InfluxDB for time-series data in Raspberry Pi - Time & Space Complexity
When working with InfluxDB on a Raspberry Pi, it's important to understand how the time it takes to store and query data grows as you add more time-series entries.
We want to know how the number of operations changes when the amount of data increases.
Analyze the time complexity of the following code snippet.
from influxdb_client import InfluxDBClient
client = InfluxDBClient(url="http://localhost:8086", token="my-token", org="my-org")
query_api = client.query_api()
query = 'from(bucket:"sensor_data") |> range(start: -1h) |> filter(fn: (r) => r._measurement == "temperature")'
result = query_api.query(org="my-org", query=query)
for table in result:
for record in table.records:
print(record.get_value())
This code queries temperature data from the last hour and prints each value.
Identify the loops, recursion, array traversals that repeat.
- Primary operation: Looping through all records returned by the query.
- How many times: Once for each data point in the last hour matching the filter.
As the number of temperature records in the last hour grows, the number of print operations grows the same way.

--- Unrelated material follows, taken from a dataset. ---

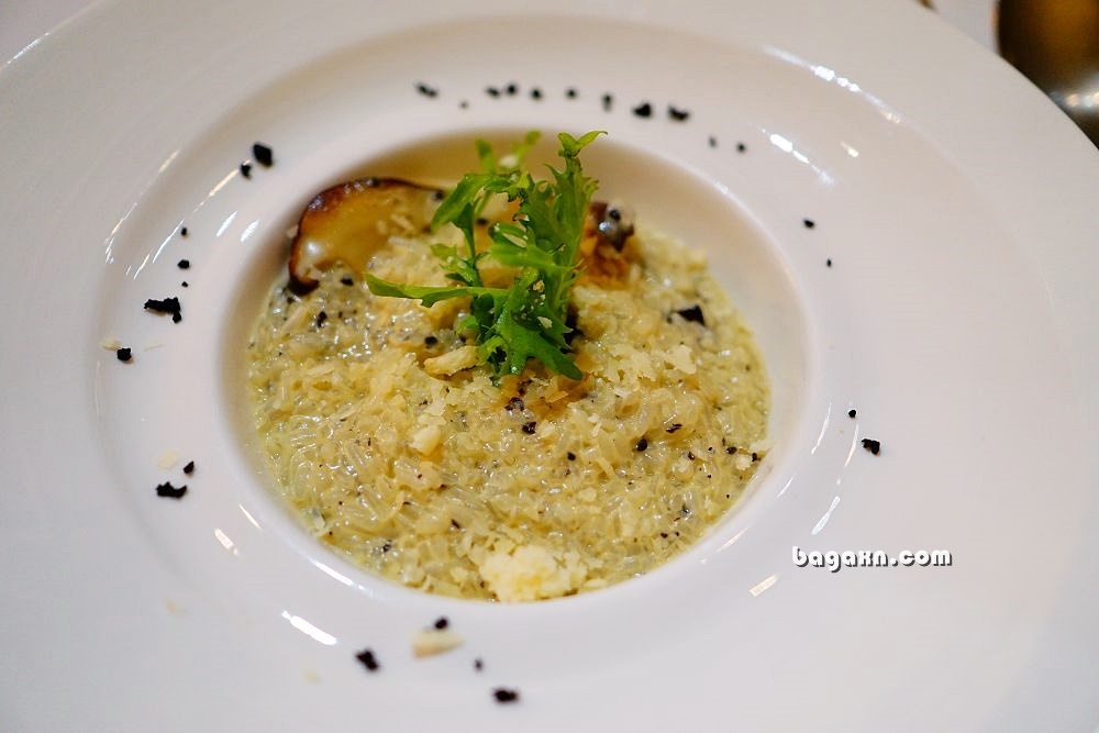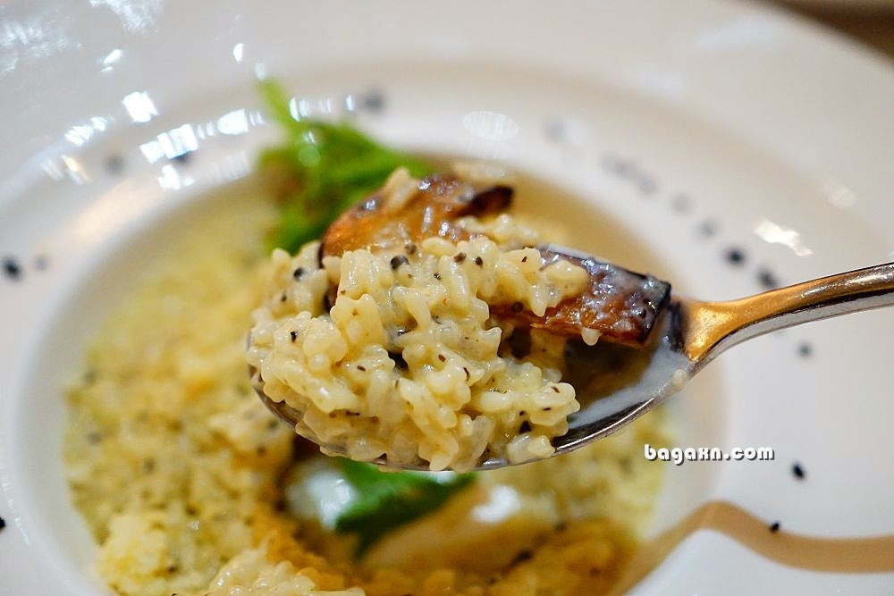 燉飯選用的是台灣長米,有濃郁的松露香氣,淡淡的奶香味不會過於濃厚,裡面還有不少菇類。米飯入味卻不軟爛,嘗得到顆粒分明的口感,這滋味及口感是令人停不下湯匙的一道燉飯。

| Input Size (n) | Approx. Operations |
|---|---|
| 10 | 10 print operations |
| 100 | 100 print operations |
| 1000 | 1000 print operations |
Pattern observation: The number of operations grows directly with the number of data points.
Time Complexity: O(n)
This means the time to process and print data grows in a straight line with the number of records.
[X] Wrong: "Querying InfluxDB always takes the same time no matter how much data there is."
[OK] Correct: The query time depends on how many records match and are returned; more data means more processing time.
Understanding how data size affects query time in databases like InfluxDB shows you can reason about performance in real projects, a valuable skill for any developer.
"What if we added an index on the _measurement field? How would the time complexity of the query change?"